→ **TASK DIRECTIONS**
The required output holds only the lines from the one containing "ANTIQUARIATO ORIENTALE Vassoio" through the end of the material below, copied exactly, please, with no pictures.

━━━━━━━━━━━━━━━━━━━━

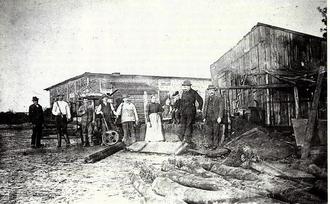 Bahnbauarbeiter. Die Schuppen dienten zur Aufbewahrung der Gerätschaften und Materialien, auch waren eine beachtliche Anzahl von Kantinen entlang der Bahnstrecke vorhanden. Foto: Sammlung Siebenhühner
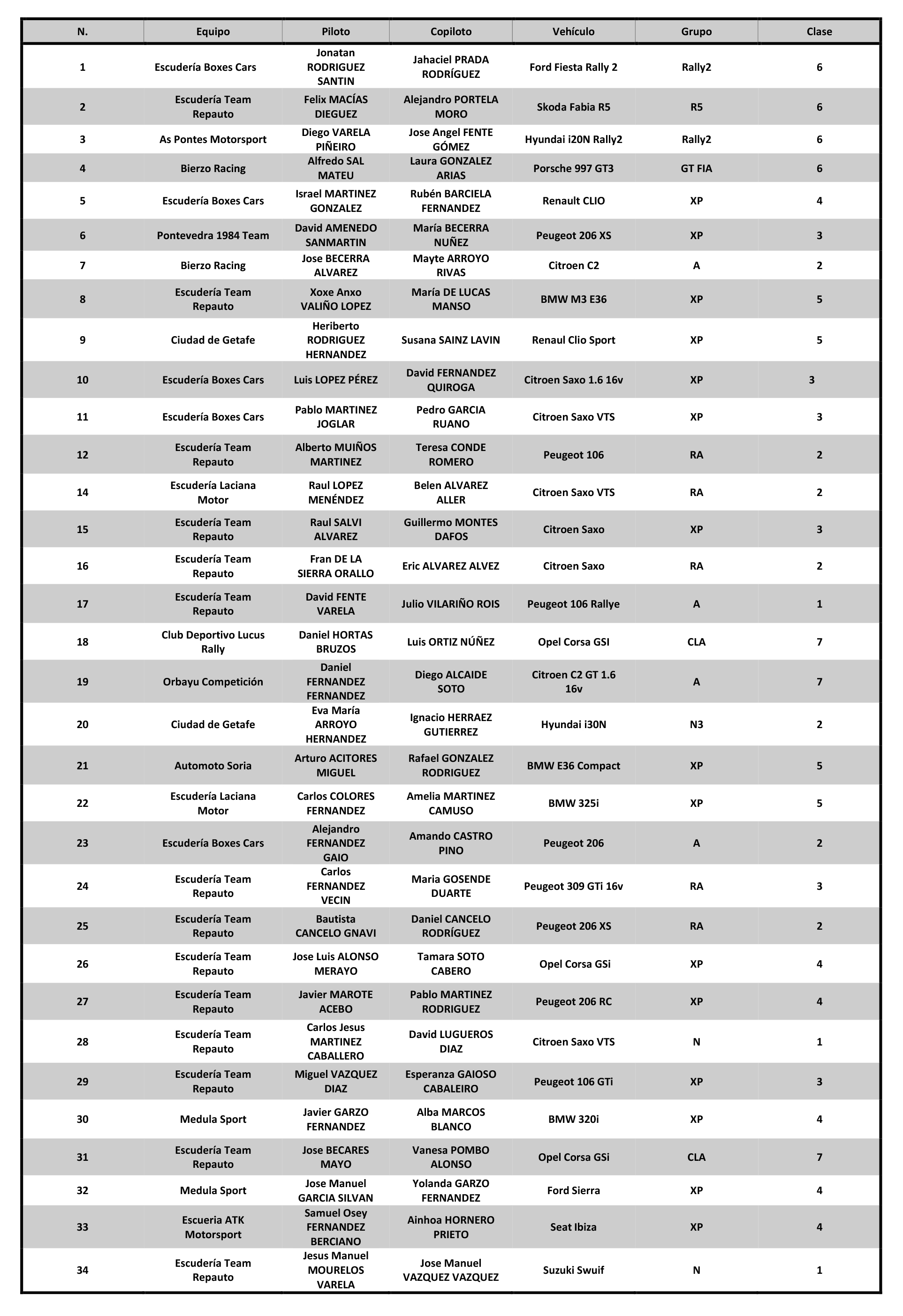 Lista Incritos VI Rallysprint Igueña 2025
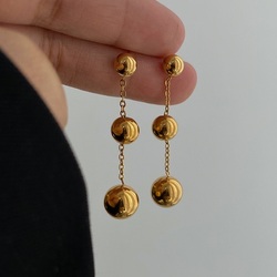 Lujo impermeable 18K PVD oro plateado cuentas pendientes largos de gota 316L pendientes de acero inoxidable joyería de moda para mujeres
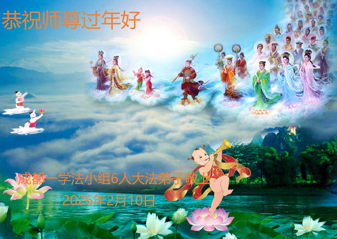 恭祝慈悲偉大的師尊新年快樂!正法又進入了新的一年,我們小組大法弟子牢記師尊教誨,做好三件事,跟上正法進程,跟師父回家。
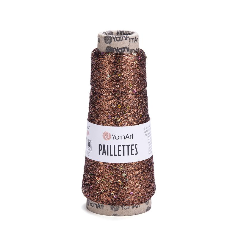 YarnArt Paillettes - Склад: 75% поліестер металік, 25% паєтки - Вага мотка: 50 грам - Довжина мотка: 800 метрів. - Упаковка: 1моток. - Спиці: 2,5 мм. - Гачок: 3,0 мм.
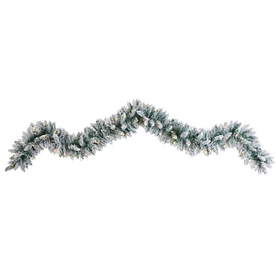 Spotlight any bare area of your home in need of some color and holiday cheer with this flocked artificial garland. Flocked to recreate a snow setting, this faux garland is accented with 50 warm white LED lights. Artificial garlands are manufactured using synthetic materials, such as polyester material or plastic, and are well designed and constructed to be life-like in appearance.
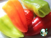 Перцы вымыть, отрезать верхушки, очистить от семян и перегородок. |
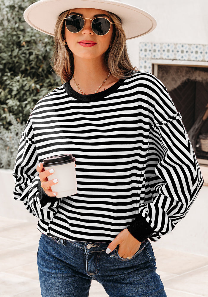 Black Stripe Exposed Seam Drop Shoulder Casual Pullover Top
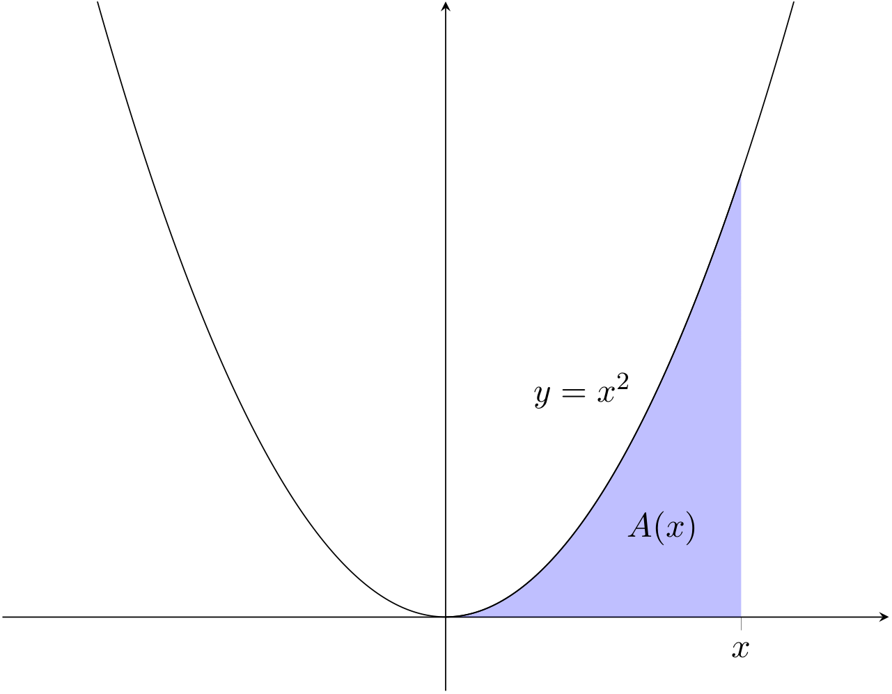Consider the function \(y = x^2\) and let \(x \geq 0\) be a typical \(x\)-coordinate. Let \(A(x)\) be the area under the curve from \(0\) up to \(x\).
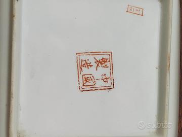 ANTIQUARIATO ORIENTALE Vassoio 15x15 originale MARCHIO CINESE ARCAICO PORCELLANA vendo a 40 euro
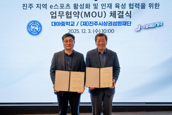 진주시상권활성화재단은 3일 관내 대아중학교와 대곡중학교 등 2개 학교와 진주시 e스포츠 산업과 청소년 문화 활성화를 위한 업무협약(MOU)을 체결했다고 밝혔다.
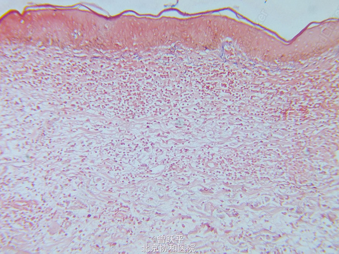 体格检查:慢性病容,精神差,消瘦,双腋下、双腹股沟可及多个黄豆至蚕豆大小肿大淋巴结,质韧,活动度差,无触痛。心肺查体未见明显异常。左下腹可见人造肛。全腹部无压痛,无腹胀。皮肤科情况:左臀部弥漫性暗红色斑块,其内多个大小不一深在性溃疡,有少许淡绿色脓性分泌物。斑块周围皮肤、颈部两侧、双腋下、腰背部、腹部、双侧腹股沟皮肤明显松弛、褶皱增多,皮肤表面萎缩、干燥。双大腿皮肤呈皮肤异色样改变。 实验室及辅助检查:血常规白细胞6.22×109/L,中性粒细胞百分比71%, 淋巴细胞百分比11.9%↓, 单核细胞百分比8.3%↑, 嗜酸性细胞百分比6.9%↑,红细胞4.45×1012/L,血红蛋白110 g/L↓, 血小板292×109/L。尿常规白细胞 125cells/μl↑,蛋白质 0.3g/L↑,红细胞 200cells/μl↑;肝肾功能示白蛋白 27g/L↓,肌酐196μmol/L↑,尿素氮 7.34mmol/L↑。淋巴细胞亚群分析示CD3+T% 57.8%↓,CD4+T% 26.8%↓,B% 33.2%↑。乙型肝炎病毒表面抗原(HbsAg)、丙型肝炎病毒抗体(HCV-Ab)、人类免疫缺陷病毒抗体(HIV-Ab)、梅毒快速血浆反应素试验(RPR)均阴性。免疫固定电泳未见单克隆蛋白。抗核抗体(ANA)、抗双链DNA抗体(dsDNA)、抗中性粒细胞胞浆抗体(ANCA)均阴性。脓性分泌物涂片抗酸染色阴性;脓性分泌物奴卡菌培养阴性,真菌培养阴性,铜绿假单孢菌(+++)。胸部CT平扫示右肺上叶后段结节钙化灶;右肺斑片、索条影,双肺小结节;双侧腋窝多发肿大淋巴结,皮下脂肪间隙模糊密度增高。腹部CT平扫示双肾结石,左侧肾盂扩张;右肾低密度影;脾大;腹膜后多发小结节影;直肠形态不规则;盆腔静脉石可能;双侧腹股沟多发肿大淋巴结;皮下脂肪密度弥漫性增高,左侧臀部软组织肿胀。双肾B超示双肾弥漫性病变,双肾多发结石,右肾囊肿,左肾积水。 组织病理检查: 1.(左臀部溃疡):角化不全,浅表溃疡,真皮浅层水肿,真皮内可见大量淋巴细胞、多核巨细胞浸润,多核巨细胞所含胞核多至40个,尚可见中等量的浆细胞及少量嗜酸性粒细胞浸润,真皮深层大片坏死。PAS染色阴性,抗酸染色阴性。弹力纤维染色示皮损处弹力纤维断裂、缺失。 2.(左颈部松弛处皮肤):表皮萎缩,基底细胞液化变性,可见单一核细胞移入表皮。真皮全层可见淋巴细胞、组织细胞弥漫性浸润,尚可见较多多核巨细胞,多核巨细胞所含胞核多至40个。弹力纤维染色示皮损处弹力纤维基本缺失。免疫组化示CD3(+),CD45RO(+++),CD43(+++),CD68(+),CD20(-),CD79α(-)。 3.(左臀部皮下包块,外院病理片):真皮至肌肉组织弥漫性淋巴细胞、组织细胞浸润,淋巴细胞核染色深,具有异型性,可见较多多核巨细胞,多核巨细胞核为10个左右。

━━━━━━━━━━━━━━━━━━━━

→ **SOLUTION**
 ANTIQUARIATO ORIENTALE Vassoio 15x15 originale MARCHIO CINESE ARCAICO PORCELLANA vendo a 40 euro
 진주시상권활성화재단은 3일 관내 대아중학교와 대곡중학교 등 2개 학교와 진주시 e스포츠 산업과 청소년 문화 활성화를 위한 업무협약(MOU)을 체결했다고 밝혔다.
 体格检查:慢性病容,精神差,消瘦,双腋下、双腹股沟可及多个黄豆至蚕豆大小肿大淋巴结,质韧,活动度差,无触痛。心肺查体未见明显异常。左下腹可见人造肛。全腹部无压痛,无腹胀。皮肤科情况:左臀部弥漫性暗红色斑块,其内多个大小不一深在性溃疡,有少许淡绿色脓性分泌物。斑块周围皮肤、颈部两侧、双腋下、腰背部、腹部、双侧腹股沟皮肤明显松弛、褶皱增多,皮肤表面萎缩、干燥。双大腿皮肤呈皮肤异色样改变。 实验室及辅助检查:血常规白细胞6.22×109/L,中性粒细胞百分比71%, 淋巴细胞百分比11.9%↓, 单核细胞百分比8.3%↑, 嗜酸性细胞百分比6.9%↑,红细胞4.45×1012/L,血红蛋白110 g/L↓, 血小板292×109/L。尿常规白细胞 125cells/μl↑,蛋白质 0.3g/L↑,红细胞 200cells/μl↑;肝肾功能示白蛋白 27g/L↓,肌酐196μmol/L↑,尿素氮 7.34mmol/L↑。淋巴细胞亚群分析示CD3+T% 57.8%↓,CD4+T% 26.8%↓,B% 33.2%↑。乙型肝炎病毒表面抗原(HbsAg)、丙型肝炎病毒抗体(HCV-Ab)、人类免疫缺陷病毒抗体(HIV-Ab)、梅毒快速血浆反应素试验(RPR)均阴性。免疫固定电泳未见单克隆蛋白。抗核抗体(ANA)、抗双链DNA抗体(dsDNA)、抗中性粒细胞胞浆抗体(ANCA)均阴性。脓性分泌物涂片抗酸染色阴性;脓性分泌物奴卡菌培养阴性,真菌培养阴性,铜绿假单孢菌(+++)。胸部CT平扫示右肺上叶后段结节钙化灶;右肺斑片、索条影,双肺小结节;双侧腋窝多发肿大淋巴结,皮下脂肪间隙模糊密度增高。腹部CT平扫示双肾结石,左侧肾盂扩张;右肾低密度影;脾大;腹膜后多发小结节影;直肠形态不规则;盆腔静脉石可能;双侧腹股沟多发肿大淋巴结;皮下脂肪密度弥漫性增高,左侧臀部软组织肿胀。双肾B超示双肾弥漫性病变,双肾多发结石,右肾囊肿,左肾积水。 组织病理检查: 1.(左臀部溃疡):角化不全,浅表溃疡,真皮浅层水肿,真皮内可见大量淋巴细胞、多核巨细胞浸润,多核巨细胞所含胞核多至40个,尚可见中等量的浆细胞及少量嗜酸性粒细胞浸润,真皮深层大片坏死。PAS染色阴性,抗酸染色阴性。弹力纤维染色示皮损处弹力纤维断裂、缺失。 2.(左颈部松弛处皮肤):表皮萎缩,基底细胞液化变性,可见单一核细胞移入表皮。真皮全层可见淋巴细胞、组织细胞弥漫性浸润,尚可见较多多核巨细胞,多核巨细胞所含胞核多至40个。弹力纤维染色示皮损处弹力纤维基本缺失。免疫组化示CD3(+),CD45RO(+++),CD43(+++),CD68(+),CD20(-),CD79α(-)。 3.(左臀部皮下包块,外院病理片):真皮至肌肉组织弥漫性淋巴细胞、组织细胞浸润,淋巴细胞核染色深,具有异型性,可见较多多核巨细胞,多核巨细胞核为10个左右。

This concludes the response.